Pictures are to be dropped from the copy. Retype the listing exactly.

___ SUPPLIED MATERIAL

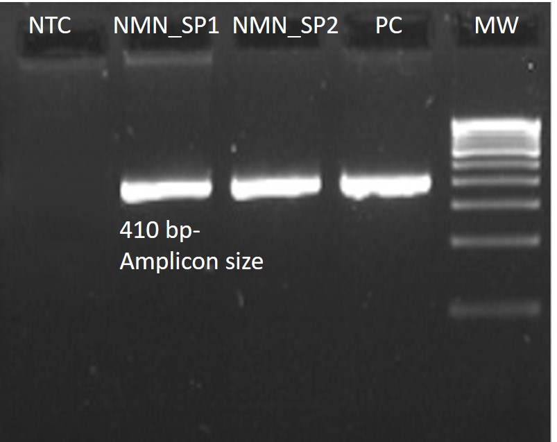 Fig. 1: Agarose gel electropherogram showing positive amplification for two isolates obtained from environmental samples labelled as NMN_SP1 and NMN_SP2. Know Algal DNA used as positive control showed amplification and NTC (Master mix+Nuclease free water as sample) showed no amplification
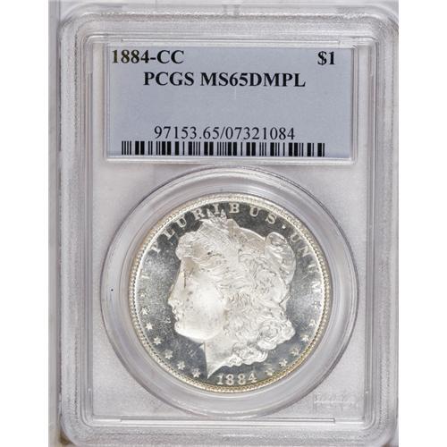 <B>1884-CC<img border='0' src='http://www.heritagecoins.com/images/star.gif' width=10 height=10>$1> MS65 Deep Mirror Prooflike PCGS.</B></I> Thick, luxurious mint frost covers the devices, and the watery mirrors have unfathomable depth. A few small abrasions in unobtrusive areas keep this Gem from a higher grade.<BR><I>From The New York Eye Appeal Collection.</B></I>
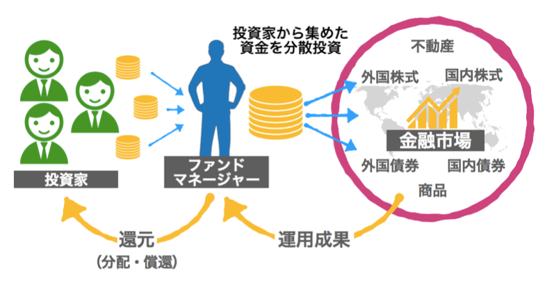 | 公募 | 不特定多数(50人以上)の投資家から資金を募り、運用を行う。投信法により設定され、組み入れる商品や配当などに関して規制を受ける。 |

______

_SOLUTION TO THIS PROBLEM:_
 Fig. 1: Agarose gel electropherogram showing positive amplification for two isolates obtained from environmental samples labelled as NMN_SP1 and NMN_SP2. Know Algal DNA used as positive control showed amplification and NTC (Master mix+Nuclease free water as sample) showed no amplification
 <B>1884-CC<img border='0' src='http://www.heritagecoins.com/images/star.gif' width=10 height=10>$1> MS65 Deep Mirror Prooflike PCGS.</B></I> Thick, luxurious mint frost covers the devices, and the watery mirrors have unfathomable depth. A few small abrasions in unobtrusive areas keep this Gem from a higher grade.<BR><I>From The New York Eye Appeal Collection.</B></I>
 | 公募 | 不特定多数(50人以上)の投資家から資金を募り、運用を行う。投信法により設定され、組み入れる商品や配当などに関して規制を受ける。 |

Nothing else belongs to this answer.